Chapter 01. Streaming 101
Terminology
Bounded / Unbounded Data: bounded data is dataset with finite size, unbounded data is dataset with infinite size
Streaming System: a data processing system built for unbounded data.
Stream: a sequence of potentially unlimited data elements made available over time.
E.g. network packets captured over a device, mouse movement of a user on a webpage over time.
Event time: The time at which events actually occured.
Processing time: The time at which events are observed in the system.
It’s always true that
processing time >= event time
.Note that, in real life, there is a skew between event time and processing time, and this skew is a highly variable function of many factors, including
shared resoure limitations
software causes, such as contention, distributed system logic
feature of data
Data Processing Patterns
An overview of various data processing patterns. This book will focus on unbounded data (streaming).
Bounded Data
A finite set of data. Typical data processing engine for bounded data includes MapReduce, Spark, etc.
Unbounded Data (Batch)
To process unbounded data in a batch processing engine, we could slice up the unbounded data into a collection of bounded datasets, and process each slice as a bounded data.

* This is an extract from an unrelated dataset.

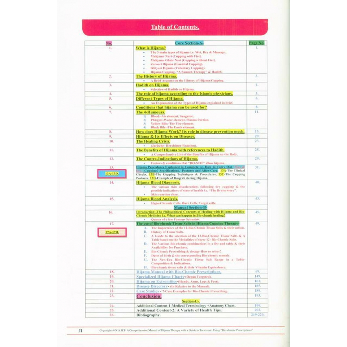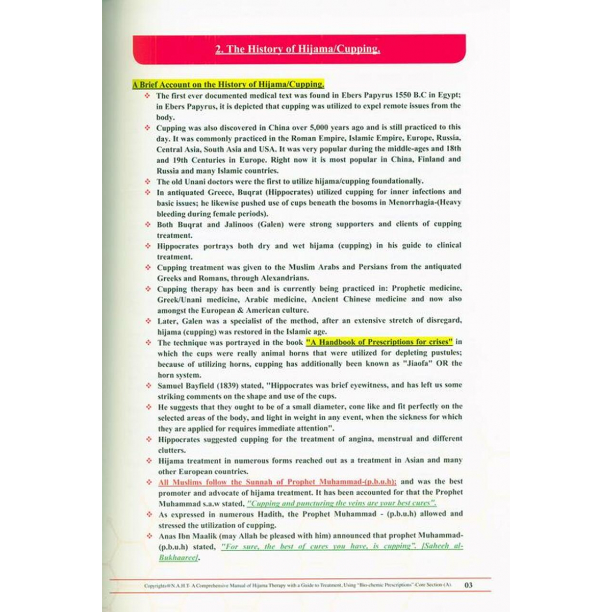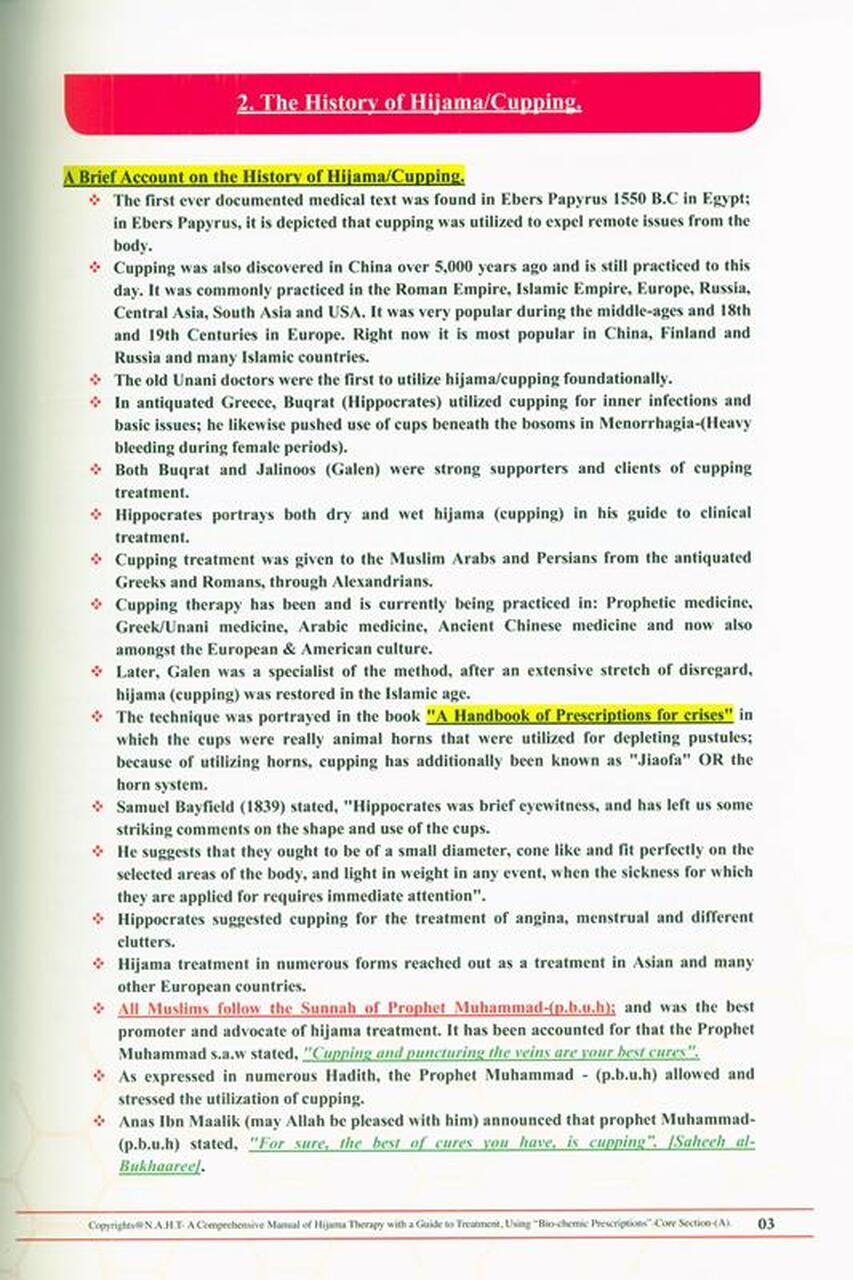 In addition to this, an excellent manual of Hijama on extremities has been prepared, which gives guidance to a newer approach in carrying out Hijama/cupping with excellent results. In addition to the main scope of this work, much further supplementary material has been added in the 2-separate additional information sections of this book, such as Medical vocabulary, Verses from the Quran for healing and healthy tips for, self-benefit OR for patient advice following Hijama treatment.
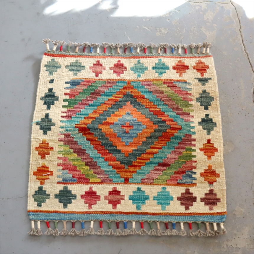 ミニキリム 48×51cm カラフルな幾何学モチーフ手織り ウール アフガンキリム

There are two ways to do such slicing.
Fixed Windows
Group data by a fixed time window, and process each window as a bounded data. E.g. Group data by 1-hour window.
Sessions
Group data by features of data. A classic example is network session, where network packets are grouped by period of ativitiy for a certain user. Data from different users belongs to different sessions, data from same user but separated by periods of inactivity also belongs to differnet sessions. A more concrete example would be network packets grouped by source and destination IP address, where the gap between each packet is no longer than 10 minutes.
Calculating sessions using a batch engine could be problematic, since you often end up with sessions that are split across batches.
Unbounded Data (Streaming)
For unbounded data, we face several difficulties
the data is unbounded: its size could be infinite
the processing time of data is highly unordered w.r.t. event times.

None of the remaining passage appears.